In preliminary work, we have begun to define the field by developing the robotic capability to distinguish a wide variety of materials. We disambiguate different materials by actively contacting and probing them, and by sensing the resulting forces, displacements, and sounds. Here, we report on three of our preliminary investigations: step and feel, hit and listen, whack and watch.

Step and Feel

The objective was to identify the compliance of natural terrain. In this work, a robot leg (instrumented with a six-axis force-torque sensor) stepped on different terrains: sand, sawdust, and soil. We measured the applied normal force f and the vertical displacement z while stepping on the materials

The observed vertical force-displacement response differed dramatically for the three materials tested, demonstrating that the samples can be discriminated without great difficulty.

Hit and Listen

The objective was to classify objects from the sounds they made when struck. In this work, we hit a variety of objects by dropping a blind person's cane from fixed heights, and listened to the sounds of impact with a microphone.
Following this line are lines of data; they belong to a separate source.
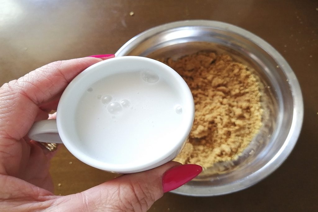 Vertemos la bebida vegetal sobre las galletas y mezclamos hasta obtener una masa.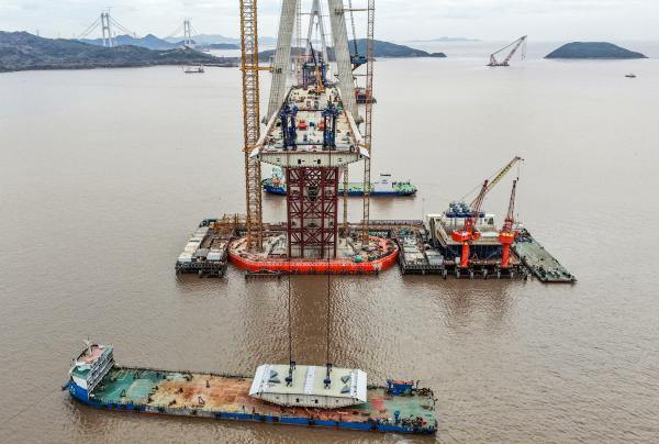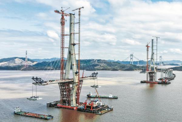 近日,宁波舟山港六横公路大桥二期关键控制性工程——青龙门特大桥施工现场,三座主塔巍然矗立,Q4号主塔两榀钢箱梁同步吊装作业,一派“比翼双飞”的繁忙景象。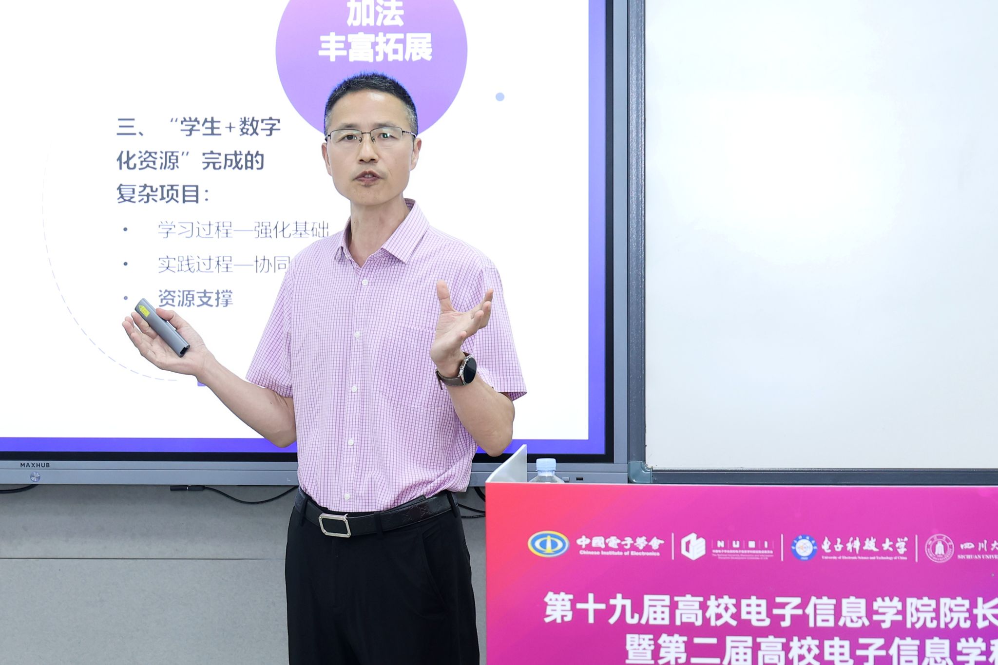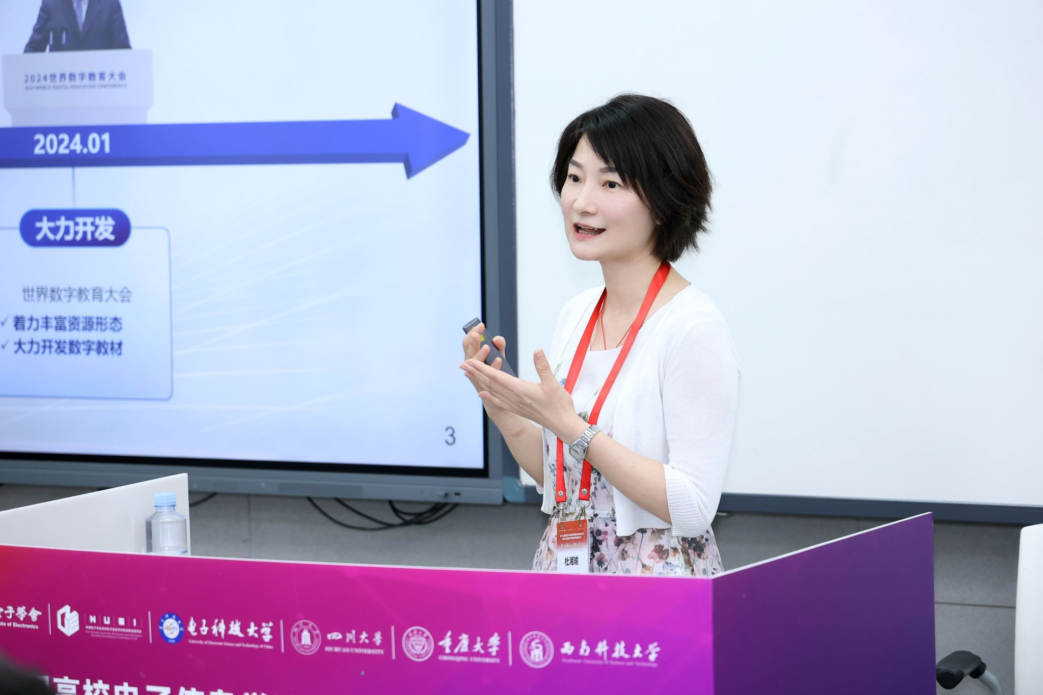 国防科技大学电子技术教学团队首席杜湘瑜教授带来了题为《学为中心、多元融合、数智赋能,打造电子技术系列数字教材》的报告。她指出,数字教材是智能化时代教材形态的进化与升级,将成为撬动核心教学环节革命性变化的杠杆之一。报告结合国防科技大学电子技术精品课程体系的建设成果,生动展示了“以员工为中心”的一体化电子电路系列数字教材建设思路、设计过程与显著特色。

The objects included a wooden block, a concrete brick, a clay brick, a zinc ingot, and a ceramic tile.

We digitized the microphone signal and extracted spike features from its power spectrum. Based on these features, we classified the test object as one of the five objects with a hybrid minimum-distance and decision-tree classifier. The classifier achieved 97 percent accuracy on 580 training samples, and 94 percent accuracy on 240 test samples.

Whack and Watch

The objective was to estimate the mass and friction properties of an unknown object. In this work, we struck a variety of objects with a home-made wooden pendulum, and observed their trajectories with a camera. We used the pendulum because its dynamics were simple enough to permit advance calculation of the instantaneous force, eliminating the need for force sensing.

We acquired a sequence of images (see figure) of the pendulum making contact and of the object sliding. For each image, we employed basic blob-finding techniques to determine the position of the struck object. From the sequence of positions we derived the velocity and acceleration of the object.

From the expected forces and the estimated accelerations, we computed the mass of the object using Newton's second law, and computed the coefficient of sliding friction using the equation of motion under constant acceleration. The computed masses were within a factor of two of the true masses, and the coefficients of friction were within 25 percent of the true values.